The code is organized as follows:
- `scripts/` contains the requirements and scripts for preparing the data.
- `bpt/` contains the example of applying BPT and RingAttention to LLaMA.

The implementation optimized sharding annotations for distributed FSDP training. It also supports RingAttention, BPT, memeff/flashattention, and vanilla transformers.

## Usage

Use `scan_query_chunk_size` and `scan_key_chunk_size` to control the block size in blockwise compute of the self-attention.
Use `scan_mlp_chunk_size` to control the block size in blockwise compute of the feedforward network.
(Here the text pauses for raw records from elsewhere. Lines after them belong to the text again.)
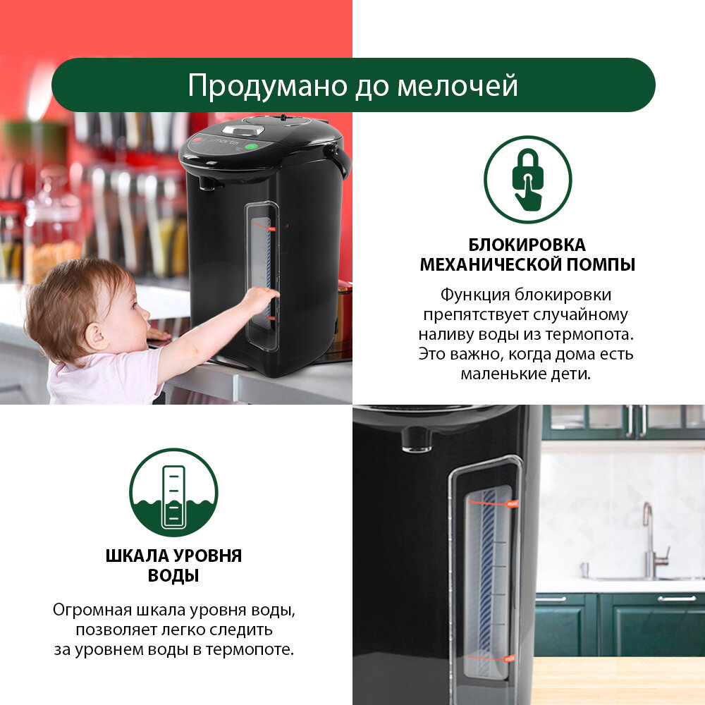| Отзыв: | Отличный вариант для офисов и маленьких магазинов. Дома хватит и обычного чайника этой-же фирмы. Термопот на 4,5 литра, вода закипает быстро и есть функция поддержания температуры. На корпусе есть прозрачное окно, через которое видно заполнение воды, без которой он не запустится, так как есть блокировка включения без воды. Есть ручка сверху корпуса для переноски. |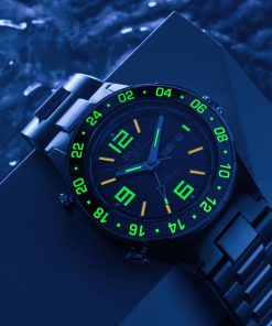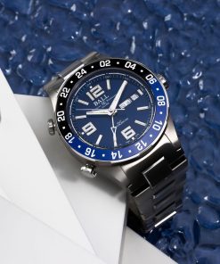 The Roadmaster Marine GMT is a watch designed by the BALL Watch Company, aimed at adventurers who need a reliable and technically advanced timepiece. The watch features a quick-set GMT function with push buttons that make adjusting time zones easier and faster. By using the button at 8 o’clock, the GMT hand can be moved backward, while the button at 10 o’clock moves it forward. This, combined with a bi-directional 24-hour bezel and main hands, allows for tracking three time zones simultaneously.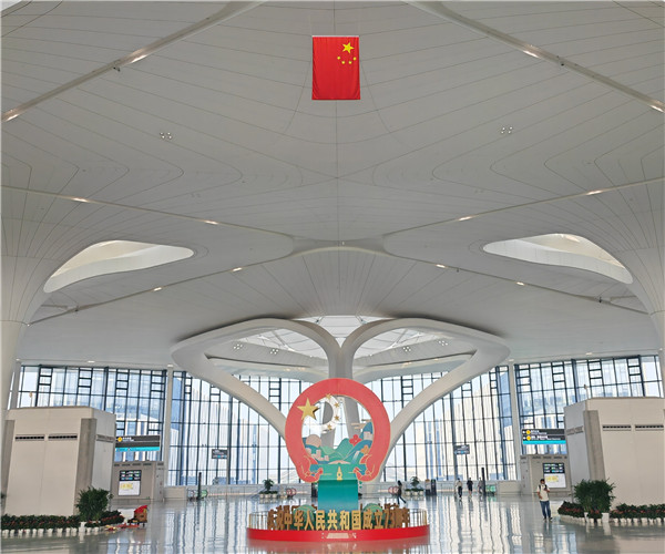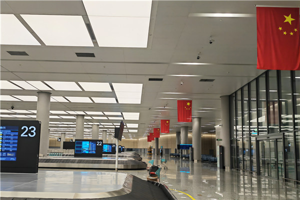 在国庆前夕刚投入运营的新航站楼(T4)出发大厅,鲜艳的国旗高高悬挂,引来旅客驻足瞻仰,别致国庆主题布置成为旅客纷纷打卡合影的景点。在值机岛、安检通道、行李转盘,五星国旗随处可见,整个航站楼洋溢着喜庆、热烈的节日氛围。
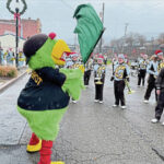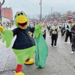 “It’s been decades — I remember marching like this when I was in the band here,” said Beresik, who played the trumpet while walking in the parade 30 years ago. “We’ve had icy streets. We’ve had valves on instruments frozen because it’s so cold. It comes with the territory.”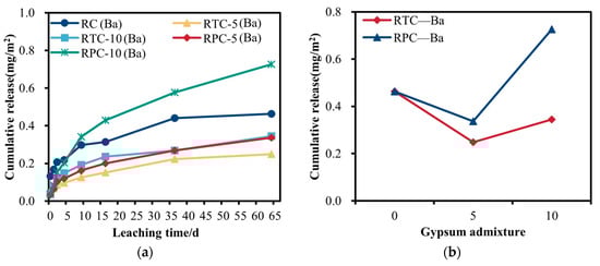 Variation curves of cumulative release of Ba with time and dosage in specimens with different gypsum admixtures. (a) Variations in the cumulative release of Ba with time; (b) variations in the cumulative release of Ba with admixture.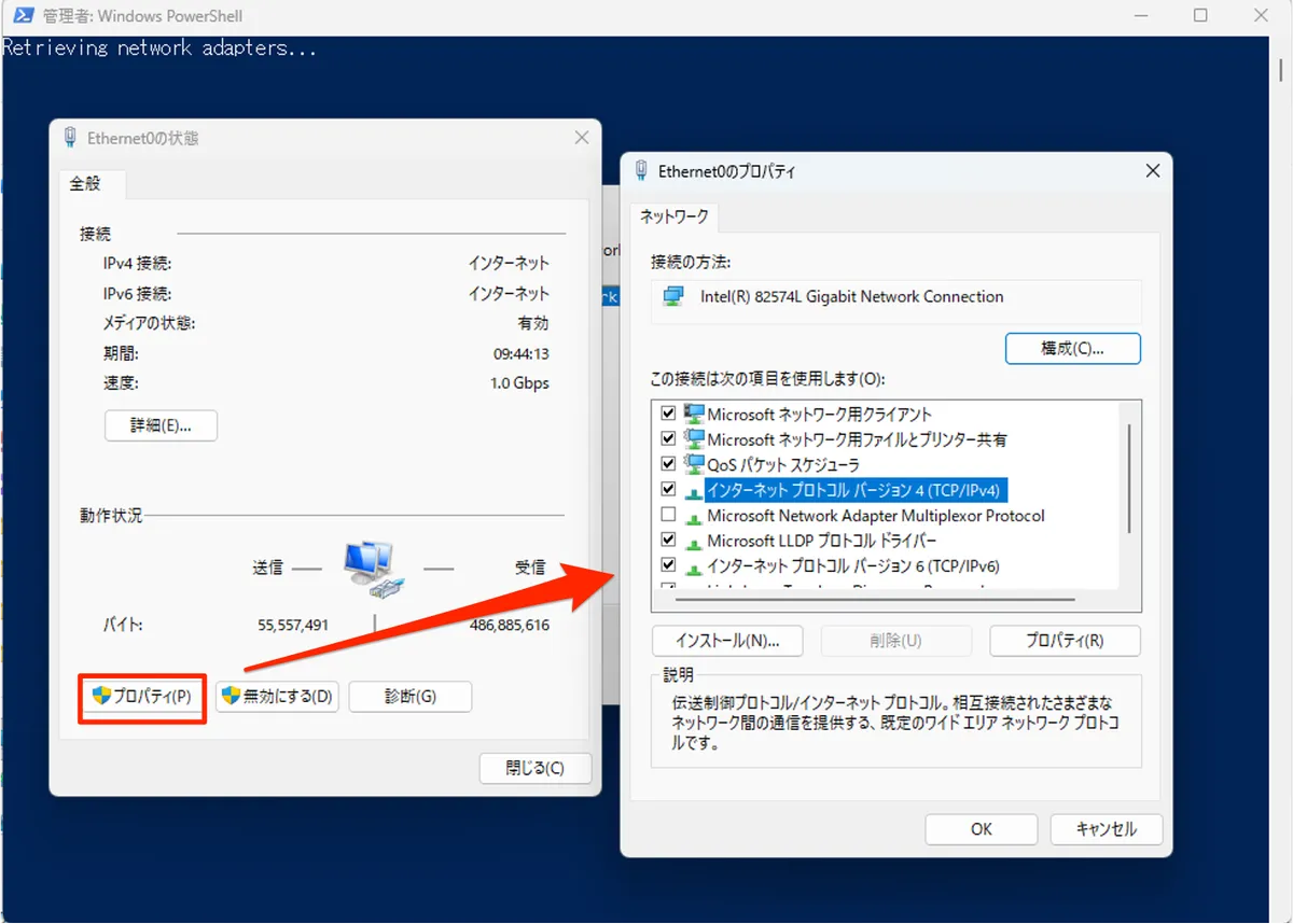 - UAC が表示されず [プロパティ] を開けるので、ネットワークアダプターの構成を変更することができます。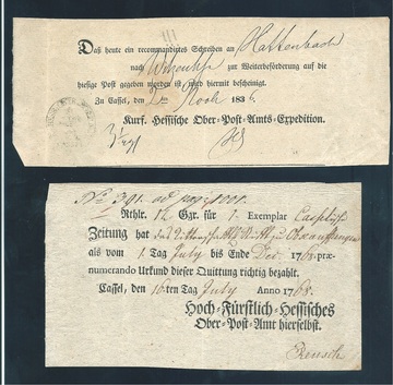 "Cassel", 1768, "hoch-Fürstlich-hessisches Ober-Post-Amt hierselbst", früher Ortsdruck-Zeitungsschein, dazu zweiter Zeitungsschein 1836 "kurf. hessische Ober-Post-Amts-Expedition"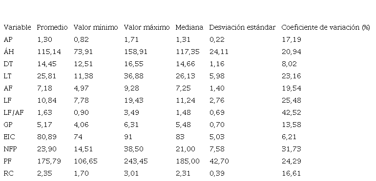 En el cuadro 4 se muestra el resumen estadístico de los valores obtenidos para cada una de las variables estudiadas. Sobresale el alto coeficiente de variación obtenido por LF/AF (CV = 42,52%) y NFP (CV = 31,73%); las otras variables que también mostraron una variabilidad importante de los datos fueron LF (CV = 25,48%), PF (CV = 24,29%), LT (CV = 23,16%) y AH (CV = 20,94%).

Use `scan_attention=True` and `scan_mlp=True` to enable/disable blockwise compute in the self-attention and feed-forward network.

Use `remat_attention` and `remat_mlp` to control the rematerialization policy, recommended is `nothing_saveable`.

For the LLaMA tokenizer, you can use OpenLLaMAv2 tokenizer or the official LLaMA tokenizer.

For the training dataset, you can use `scripts/prepare_data.py` to download OpenWebText dataset and prepare the dataset for training.

You can use `mesh_dim` to control the degree of parallelism and Ring Attention.
For example, `mesh_dim='1,64,4,1'` means 1 data parallelism, 64 fully sharded data parallelism, 4 tensor parallelism, and 1 sequence parallelism. `mesh_dim='1,1,4,64'` means 1 data parallelism, 1 fully sharded data parallelism, 4 tensor parallelism, and 64 sequence parallelism.

Ring Attention use the last dimension of `mesh_dim` to control how many devices to use for Ring Attention, ie, `mesh_dim='1,1,4,64'` means 64 devices are used for Ring Attention, meaning that context length can be expanded 64 times.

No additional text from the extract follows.